Illustration of max-pooling in NLP
This is another quick post derived from my thesis post. Two papers I read for my master’s thesis were Yoon Kim et al’s “Character-Aware Neural Language Models” and Jason Lee et al’s “Fully Character-Level Neural Machine Translation without Explicit Segmentation”. I created this diagram to explain the difference between how Kim and Lee use max-pooling. My thesis looked at using individual characters to understand a word, while Kim’s language modeling and Lee’s machine translation papers both involve the more data-intensive task of using individual characters to understand text.
Set up
Let’s say we have a few convolutional layers that act on characters in a word.
For example, these could be the embedding or encoding layer from a seq2seq model, or the last layer before classification. If the input is the word “painting,” a set of hypothetical convolutional layers that use padding could output 7 length-5 vectors (7 vectors because there are 7 letters in “painting.”)
Comparison of max-pooling
In the left image (1), the convolutional layers output could be used directly, which is what I do for my thesis.
In the center image (2), max-pooling over filters, such as Kim et al., results in a single length 5-vector for each word. The max-pooling chooses the max for each of the 5 slots over the 7 vectors.

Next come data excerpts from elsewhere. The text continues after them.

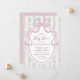 Feiern Sie die werdende Mutter mit dieser charmanten, grandmillennial-inspirierten Babyshower-Einladung mit elegantem rosa Bogenrahmen und zartem, vintage-blumigem Streifenmuster-Hintergrund. Sanfte Pastellfarben und romantische botanische Details schaffen eine zeitlose Cottagecore-Ästhetik, perfekt für eine feminine Babyshower-Feier.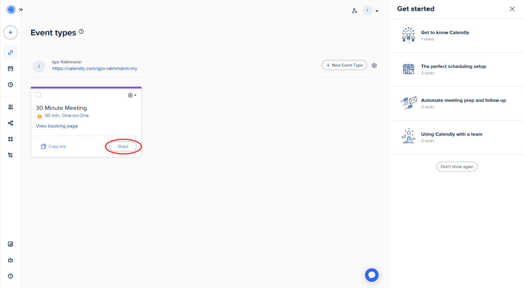 After creating event types, Calendly will generate a unique link for you to share with others. You can include this link in your email signature, website, or as part of meeting invitations.- Example link: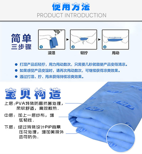 降温毛巾,使用方便、不用冷藏、不需用电,一次加水,使用时间长达数小时,工作时佩戴,不仅能止汗,还能使身体感到凉爽,简直是高温作业者的必备降温用品。

In the right image (3), max pooling over timesteps, such as Lee et al., results in 3 length-5 vectors. Like the center image, it chooses the max for each slot of the vectors, but it only looks at a window of 3 vectors.
Observations
The output size of (1) and (3) depends on the length of the input.
One result is that only the output of (2) can be fed directly into a fully-connected layer. Max-pooling over filters is useful for creating classifiers.
The output of (2) and (3) reduces the size of the input. That is important for when there is a lot of data, such as in character-level language modeling or machine translation.